Exercise prompt:
Return the data word for word. Pictures are to be omitted.

Information supplied:
━━━━━━━━

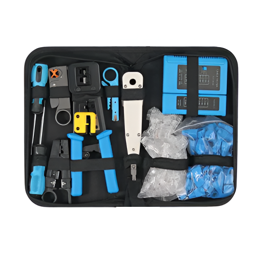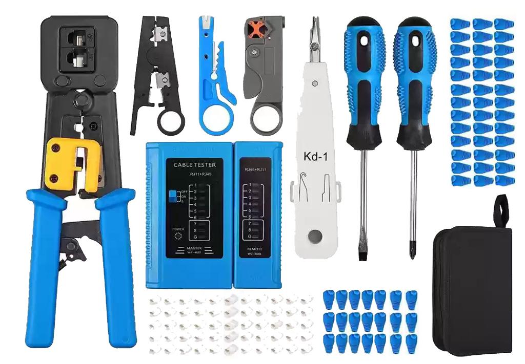 KIT INCLUYE2 destornilladores,3 pelacables,1 ponchadoraRJ45,1ponchadora de impacto,100 conectores,100 bota protectora,1 tester de cable de Red
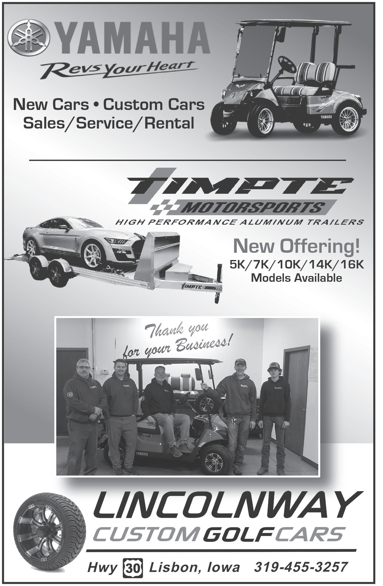Stay updated on our latest inventory, promotions, and special events by following us on Facebook and Instagram. Better yet, stop by and see us in person at our showroom at 943 W. Business 30, Lisbon, Iowa 52253 or call (319) 455-3257 www.lincolnwaygolfcars.com
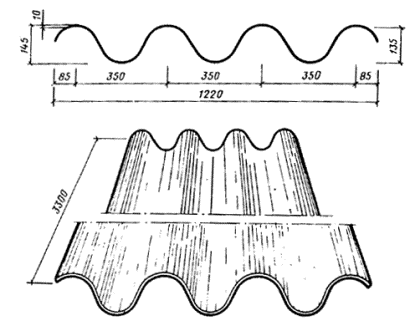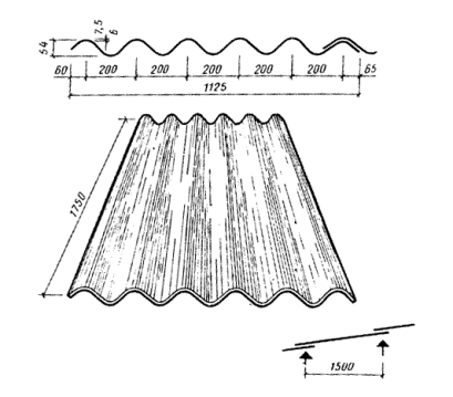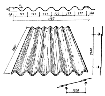 прессованного листа, кровля – из асбестоцементных волнистых листов УВ–7,5–175,

━━━━━━━━

Response box:
 KIT INCLUYE2 destornilladores,3 pelacables,1 ponchadoraRJ45,1ponchadora de impacto,100 conectores,100 bota protectora,1 tester de cable de Red
Stay updated on our latest inventory, promotions, and special events by following us on Facebook and Instagram. Better yet, stop by and see us in person at our showroom at 943 W. Business 30, Lisbon, Iowa 52253 or call (319) 455-3257 www.lincolnwaygolfcars.com
 прессованного листа, кровля – из асбестоцементных волнистых листов УВ–7,5–175,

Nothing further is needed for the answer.